*Entries supplied*.
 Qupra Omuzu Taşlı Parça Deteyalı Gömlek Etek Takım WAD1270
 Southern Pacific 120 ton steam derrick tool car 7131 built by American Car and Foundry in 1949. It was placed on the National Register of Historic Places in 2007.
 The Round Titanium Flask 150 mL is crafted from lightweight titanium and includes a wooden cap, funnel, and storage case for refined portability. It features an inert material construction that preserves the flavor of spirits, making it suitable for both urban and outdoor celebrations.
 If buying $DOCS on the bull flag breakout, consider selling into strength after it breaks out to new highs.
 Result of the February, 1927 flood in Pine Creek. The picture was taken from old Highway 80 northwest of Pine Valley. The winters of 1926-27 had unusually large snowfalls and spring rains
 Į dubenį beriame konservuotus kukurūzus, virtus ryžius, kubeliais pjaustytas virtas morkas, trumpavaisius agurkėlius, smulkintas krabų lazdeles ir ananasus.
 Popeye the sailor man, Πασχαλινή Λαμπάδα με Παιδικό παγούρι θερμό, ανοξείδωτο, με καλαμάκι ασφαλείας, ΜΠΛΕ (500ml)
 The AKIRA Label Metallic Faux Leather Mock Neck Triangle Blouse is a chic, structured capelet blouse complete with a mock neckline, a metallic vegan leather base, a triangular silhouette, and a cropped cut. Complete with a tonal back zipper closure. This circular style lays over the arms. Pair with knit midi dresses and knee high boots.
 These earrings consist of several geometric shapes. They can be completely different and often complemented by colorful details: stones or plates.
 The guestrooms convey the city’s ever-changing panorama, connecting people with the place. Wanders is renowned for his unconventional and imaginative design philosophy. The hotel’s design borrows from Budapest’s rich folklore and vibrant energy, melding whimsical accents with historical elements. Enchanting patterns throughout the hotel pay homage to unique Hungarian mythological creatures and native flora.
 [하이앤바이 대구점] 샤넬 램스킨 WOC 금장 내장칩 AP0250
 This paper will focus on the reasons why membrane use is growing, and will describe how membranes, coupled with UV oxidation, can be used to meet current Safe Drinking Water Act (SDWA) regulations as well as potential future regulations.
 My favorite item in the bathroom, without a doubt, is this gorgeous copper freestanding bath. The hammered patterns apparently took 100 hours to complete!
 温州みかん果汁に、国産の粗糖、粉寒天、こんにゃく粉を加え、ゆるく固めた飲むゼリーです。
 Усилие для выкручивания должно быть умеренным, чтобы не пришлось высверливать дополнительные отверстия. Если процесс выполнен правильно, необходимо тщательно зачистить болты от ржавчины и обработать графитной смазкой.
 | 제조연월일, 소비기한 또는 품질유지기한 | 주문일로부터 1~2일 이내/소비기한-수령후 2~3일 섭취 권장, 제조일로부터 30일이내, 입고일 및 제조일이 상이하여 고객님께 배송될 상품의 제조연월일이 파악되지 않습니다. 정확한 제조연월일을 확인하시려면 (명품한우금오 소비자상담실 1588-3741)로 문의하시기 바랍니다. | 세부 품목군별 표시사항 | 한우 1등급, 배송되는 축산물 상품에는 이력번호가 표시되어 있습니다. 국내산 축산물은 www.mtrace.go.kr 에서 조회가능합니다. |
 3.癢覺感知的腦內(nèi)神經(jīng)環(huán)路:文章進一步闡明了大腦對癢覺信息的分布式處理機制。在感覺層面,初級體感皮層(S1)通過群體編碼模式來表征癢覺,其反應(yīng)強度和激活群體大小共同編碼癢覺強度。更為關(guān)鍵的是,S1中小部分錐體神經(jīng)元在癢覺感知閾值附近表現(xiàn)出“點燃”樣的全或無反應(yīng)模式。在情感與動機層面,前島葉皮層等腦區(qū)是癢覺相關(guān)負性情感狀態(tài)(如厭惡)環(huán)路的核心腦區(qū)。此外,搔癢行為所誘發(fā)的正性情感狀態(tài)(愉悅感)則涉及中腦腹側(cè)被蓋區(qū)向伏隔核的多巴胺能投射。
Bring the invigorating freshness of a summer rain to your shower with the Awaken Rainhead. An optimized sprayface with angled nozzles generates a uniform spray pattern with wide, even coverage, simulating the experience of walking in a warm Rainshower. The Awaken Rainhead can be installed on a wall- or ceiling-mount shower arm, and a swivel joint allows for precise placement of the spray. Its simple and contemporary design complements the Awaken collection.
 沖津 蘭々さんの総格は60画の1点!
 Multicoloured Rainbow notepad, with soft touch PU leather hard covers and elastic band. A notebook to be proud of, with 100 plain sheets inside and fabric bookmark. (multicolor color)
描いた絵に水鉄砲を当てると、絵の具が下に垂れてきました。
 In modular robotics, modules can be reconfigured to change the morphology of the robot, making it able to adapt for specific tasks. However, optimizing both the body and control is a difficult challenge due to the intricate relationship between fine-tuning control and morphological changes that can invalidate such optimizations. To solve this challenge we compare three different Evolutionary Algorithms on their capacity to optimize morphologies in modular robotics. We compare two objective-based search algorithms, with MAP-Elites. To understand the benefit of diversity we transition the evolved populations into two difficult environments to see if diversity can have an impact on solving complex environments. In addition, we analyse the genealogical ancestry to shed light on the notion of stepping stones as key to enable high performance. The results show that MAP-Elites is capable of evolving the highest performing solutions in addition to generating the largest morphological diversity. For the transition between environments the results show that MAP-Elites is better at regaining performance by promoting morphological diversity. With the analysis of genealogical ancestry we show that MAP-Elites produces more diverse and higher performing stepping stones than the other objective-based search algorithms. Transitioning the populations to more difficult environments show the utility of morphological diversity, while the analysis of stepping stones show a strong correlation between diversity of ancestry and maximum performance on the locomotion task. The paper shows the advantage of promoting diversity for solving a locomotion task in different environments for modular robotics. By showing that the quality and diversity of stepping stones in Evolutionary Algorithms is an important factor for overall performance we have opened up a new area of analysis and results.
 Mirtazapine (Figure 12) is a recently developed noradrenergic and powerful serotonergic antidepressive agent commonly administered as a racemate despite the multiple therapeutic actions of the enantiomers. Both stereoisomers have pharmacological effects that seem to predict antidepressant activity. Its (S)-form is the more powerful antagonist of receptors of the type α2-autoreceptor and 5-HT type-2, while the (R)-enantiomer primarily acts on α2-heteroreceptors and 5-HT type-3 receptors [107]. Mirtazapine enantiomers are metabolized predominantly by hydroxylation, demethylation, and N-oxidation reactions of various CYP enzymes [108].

*What is being asked*. Report only how many lines in the entries contain "leather".

*Result*. 2